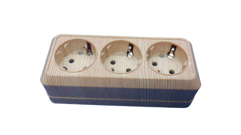 Розетка трехместная Олимп с/з, наружная, 16А, 220В, сосна (еврослот) UNIVersal 1173
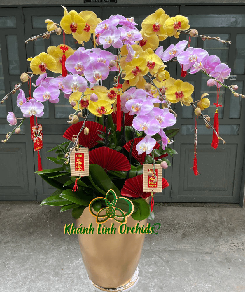 Chậu hoa được cắm trong chiếc chậu cao phun màu vàng đồng, với lớp màu bóng bẩy, sang trọng, làm nổi bật sắc hoa Lan Hồ Điệp một cách tuyệt vời. Chậu cao, thanh thoát với gam màu vàng đồng, giúp tạo nên một sự kết hợp hài hòa, vừa sang trọng, vừa gần gũi, tô điểm thêm vẻ đẹp của không gian sống. Trang trí những chiếc liễng Tết nhỏ xinh, mang theo những lời chúc phúc may mắn cho gia chủ trong năm mới. Cùng với đó là những chiếc quạt giấy đỏ được xếp thủ công, tỉ mỉ và tinh tế, tạo nên một không gian Tết đầy sắc màu, rộn ràng và phấn khởi. Quạt giấy đỏ, với màu sắc tươi tắn, không chỉ là món trang trí đẹp mắt mà còn mang ý nghĩa phong thủy, tượng trưng cho sự tài lộc và may mắn.
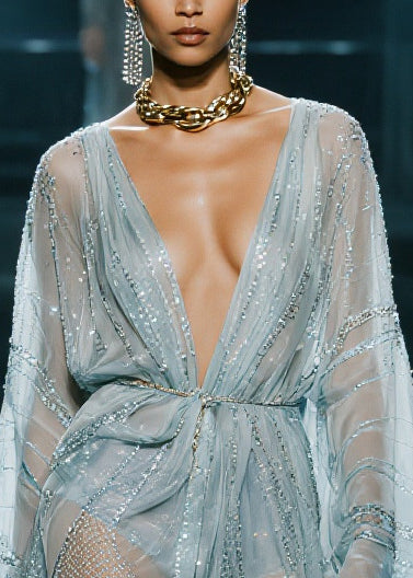 Fitted Blue Sequins Low High Design Tulle UPF 50+Cardigans Summer
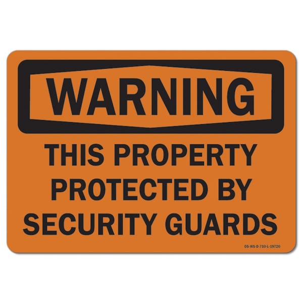 Safety Sign, OSHA Warning, 7" Height, 10" Width, This Prop Protect By Security Guards, Landscape
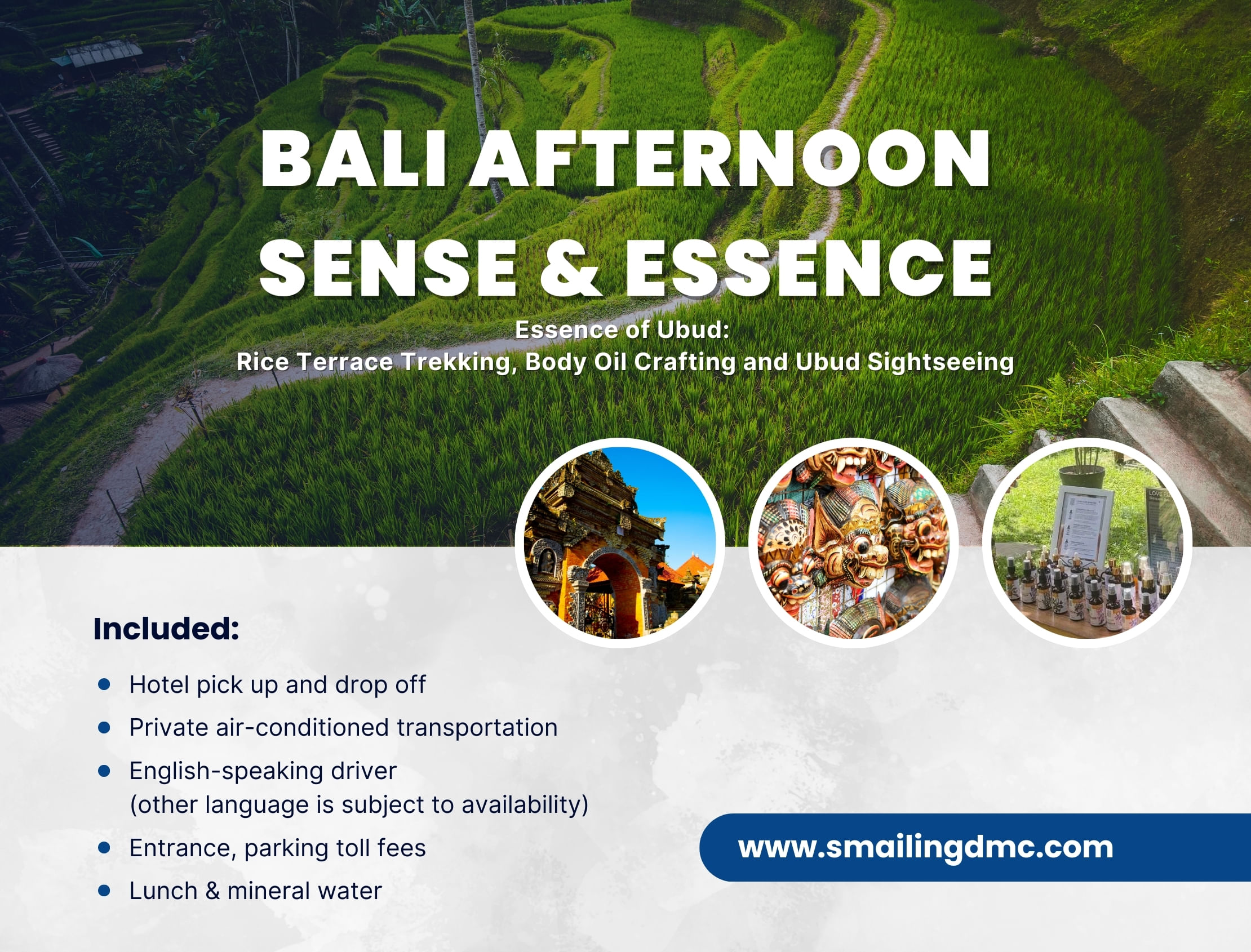 Experience a day of relaxation and creativity in Ubud, from lush landscapes to a hands-on Body Oil Workshop. Explore local culture and leave with unforgettable memories of Bali’s beauty and charm.

** DIRECTIONS **
What you return must match the records line for line, with the pictures left out.

** TASK OUTPUT **
 Розетка трехместная Олимп с/з, наружная, 16А, 220В, сосна (еврослот) UNIVersal 1173
 Chậu hoa được cắm trong chiếc chậu cao phun màu vàng đồng, với lớp màu bóng bẩy, sang trọng, làm nổi bật sắc hoa Lan Hồ Điệp một cách tuyệt vời. Chậu cao, thanh thoát với gam màu vàng đồng, giúp tạo nên một sự kết hợp hài hòa, vừa sang trọng, vừa gần gũi, tô điểm thêm vẻ đẹp của không gian sống. Trang trí những chiếc liễng Tết nhỏ xinh, mang theo những lời chúc phúc may mắn cho gia chủ trong năm mới. Cùng với đó là những chiếc quạt giấy đỏ được xếp thủ công, tỉ mỉ và tinh tế, tạo nên một không gian Tết đầy sắc màu, rộn ràng và phấn khởi. Quạt giấy đỏ, với màu sắc tươi tắn, không chỉ là món trang trí đẹp mắt mà còn mang ý nghĩa phong thủy, tượng trưng cho sự tài lộc và may mắn.
 Fitted Blue Sequins Low High Design Tulle UPF 50+Cardigans Summer
 Safety Sign, OSHA Warning, 7" Height, 10" Width, This Prop Protect By Security Guards, Landscape
 Experience a day of relaxation and creativity in Ubud, from lush landscapes to a hands-on Body Oil Workshop. Explore local culture and leave with unforgettable memories of Bali’s beauty and charm.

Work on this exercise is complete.